For many runners transitioning to barefoot shoes, the zero-drop platform is what makes the forefoot landing feel possible in the first place. The geometry supports it rather than working against it.
How to Approach the Transition
This is the part that matters most, and the part most runners underestimate.
Feet and lower legs that have been trained in conventional running shoes for years may need significant time to adapt to barefoot running shoes. The calf and Achilles tendon may have shortened slightly from years of heel elevation. The intrinsic foot muscles may not yet be capable of the demands that barefoot running places on them.
Strength exercises - toe spreads, calf raises, single-leg balance work - run alongside gradual transition to prepare the foot for the new demands.

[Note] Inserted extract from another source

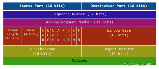 | Checksum | 16比特 | 校验字段,包括TCP首部和TCP数据,是一个强制性的字段,一定是由发端计算和存储,并由收端进行验证。在计算检验和时,要在TCP报文段的前面加上12字节的伪首部。 |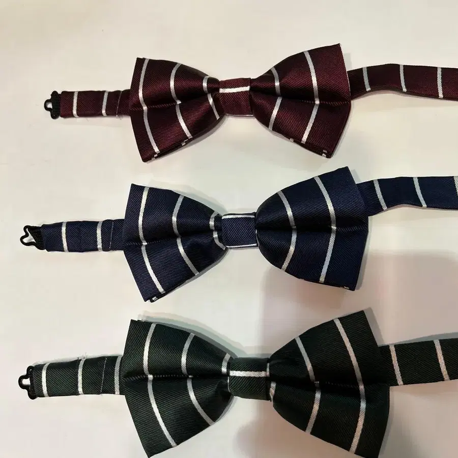 크리스마스용 스트라이프 나비 넥타이 세트 (와인 레드, 네이비, 그린)

Some runners also find it useful to begin in shoes with slightly thicker soles - still zero-drop and wide toe box, but with a bit more ground protection - before moving to more minimal options as the foot adapts. There's no fixed timeline. The body's response is the guide.
If you have any existing foot, ankle, or lower leg condition, speak with your GP or physiotherapist before changing your running footwear.
Running is one of the most natural things humans do. And yet most of the footwear built for it actively changes the way the body wants to do it. Barefoot running shoes may not be the right fit for every runner at every stage - but for those who approach the transition gradually and patiently, they may offer a way to run that feels less like fighting the body and more like working with it.
This information is general in nature and not medical advice. Consult your GP or physiotherapist if you have any existing foot or lower leg condition before changing your running footwear.